You then discover the GetElementById method that seems to do exactly what you want - jump to a location in a document based upon an id value. Unfortunately this all horribly breaks down as you need to define a DTD or an XML schema to indicate which attributes are of type id, which provides more pain than it is worth. What you really want is just to have values in your document that you know are ids. This is a very application specific requirement. There has been some discussion recently within the W3C on the subject of the idness of a node based upon a set of xml:id requirements that were published in August 2003. This is somewhat useful, although it is really only interesting to use this in the context of a query language that works over in-memory documents, such as via the XPath id() function. It will be interesting to see whether there is any demand for a standard definition of an id value on a node in the absence of a schema to indicate this. My feeling is that like newly recommended XML 1.1 this will take a long time, if ever, to be adopted within parsers and by users and you are best of simply creating your own solution.
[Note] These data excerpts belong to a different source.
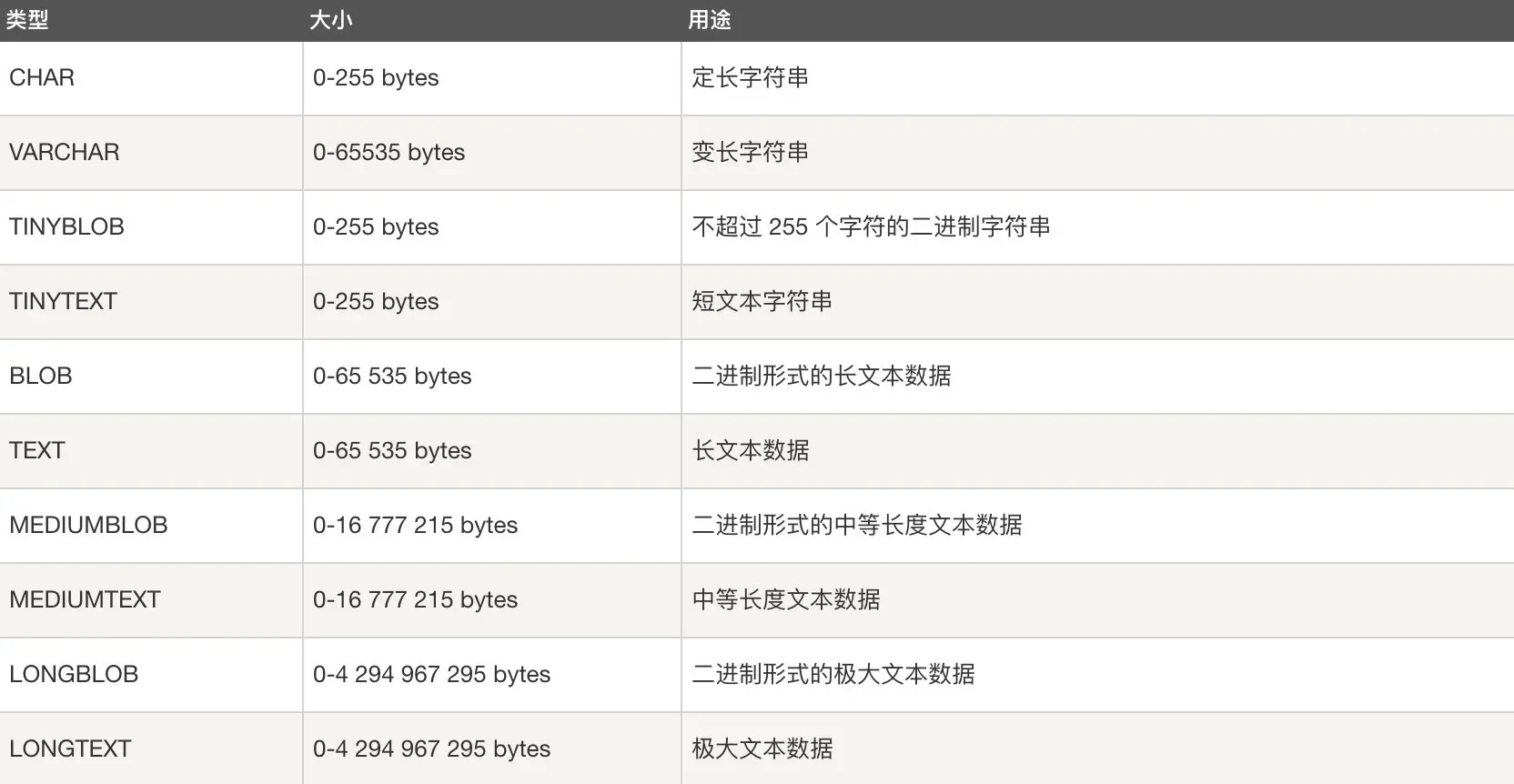 - 字符串类型:CHAR、VARCHAR、TINY TEXT、TEXT、MEDIUM TEXT、LONGTEXT、TINY BLOB、BLOB、MEDIUM BLOB、LONG BLOB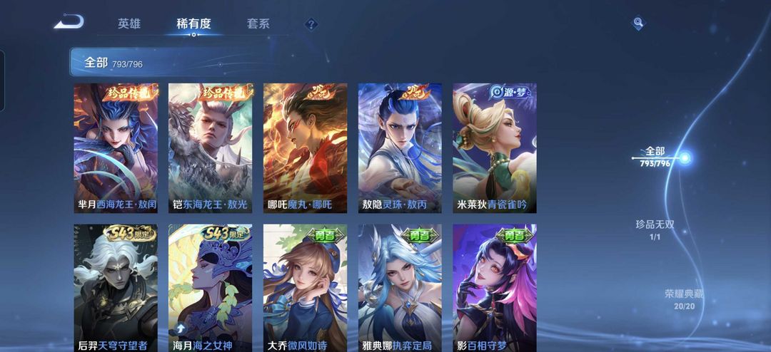 凯东海龙王芈月西海龙王♥魔丸哪吒灵珠敖隐794满皮肤♥李信无双安琪拉典藏♥貂蝉馥梦繁华♥满典藏满无双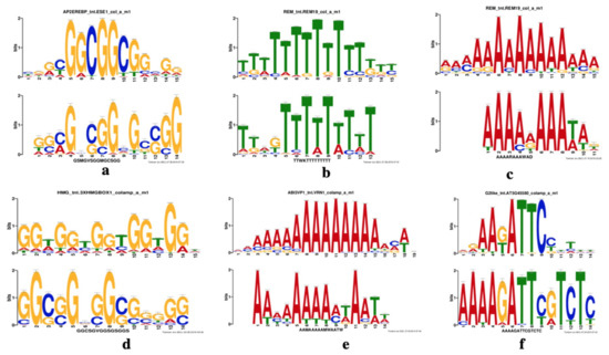- Bailey, T.L.; Boden, M.; Buske, F.A.; Frith, M.; Grant, C.E.; Clementi, L.; Ren, J.; Li, W.W.; Noble, W.S. MEME SUITE: Tools for motif discovery and searching. Nucl. Acids Res. 2009, 37, W202–W208. [Google Scholar] [CrossRef] [PubMed]

So how can you do this? If you need index like lookup today it is simple to implement on the XmlDocument class in .NET. Given this exmaple XML document, called “demo.xml” with id attributes defined on “child” named element nodes;


<?xml version="1.0" ?>


<root xmlns="urn:webdata">


      <child id="1">text1</child>


      <child id="2">text2</child>


      <child id="3">text3</child>


      <child id="4">text4</child>


</root>


First derived your own specific CustomDocument type with a Hashtable lookup, register for the NodeInserted event handler and then at Load() time build up the Hashtable of id values with the cooresponding “parent“ element. The GetElementByIdAttribute() method on your CustomDocument class then uses the id string to index the cooresponding XmlElement value and return them. Instant indexes on your XML document.


using System;


using System.Xml;


using System.IO;


using System.Collections;


 


namespace XmlDocumentGetElementById


{


      public class CustomDocument : XmlDocument


      {


        Hashtable idContainer;


        string idAttributeName;


        string elementName;


   


        public CustomDocument( string elementName, string idAttributeName ) : base()


        {


            this.elementName = elementName;


            this.idAttributeName = idAttributeName;


            this.idContainer = new Hashtable();


            this.NodeInserted += new XmlNodeChangedEventHandler( NodeInsertedHandler );


        }


 


        public void NodeInsertedHandler( object sender, XmlNodeChangedEventArgs args )


        {


            if( args.Node.NodeType == XmlNodeType.Attribute


                && args.NewParent.Name == elementName


                && args.Node.Name == idAttributeName


                ) {


                string id = args.Node.Value;       


                if( idContainer[id] == null ) {


                    idContainer[id] = args.NewParent;


                }


                else {


                    throw new Exception( "Id already present" );


                }


            }


        }


 


        public XmlElement GetElementByIdAttribute( string id )


        {


            return (XmlElement)idContainer[id];


        }


    }


}


 


Using this CustomDocument becomes very easy. Create one, provide the name of the element that you want to index (here called “child”) and the attribute name that acts as the index key (here called “id“) and then simply call the GetElementByIdAttribute() method to return the index value. No DTD or XML schema necessary.


 


static void Main(string[] args)


{


      CustomDocument td = new CustomDocument("child", "id");


      td.PreserveWhitespace = true;


      td.Load("demo.xml");


      Console.WriteLine("Outputting Information using the ID attribute information. ");


      Console.WriteLine();


      int temp = 1;


      while (temp < 5)


      {


            XmlElement ele = td.GetElementByIdAttribute(temp.ToString());


            OutputNode(ele);


            temp++;


      }


}


 


static void OutputNode ( XmlNode node)


{


    if( node == null )


    {


        return;


    }


    if( node.NodeType == XmlNodeType.Document ) {


        return;


    }


        Console.Write("Name: {0,-20}",node.Name);


        Console.Write("NodeType: {0,-10}", node.NodeType);


        Console.WriteLine("Value: {0,-10}", node.InnerText);


    }


}


 


As an exercise for the reader, make this more useful by providing a custom XPath function called idkey()that simply wraps this functionality within an XPath query, thereby providing XSLT key() like functionality for your document. See the Adding Custom Functions to XPath Extreme XML article on how to do this.

Comments (11)
  1. This would be a very useful feature and will be best extended not only to store an id attribute’s value but to generate and maintain an id for every type of node.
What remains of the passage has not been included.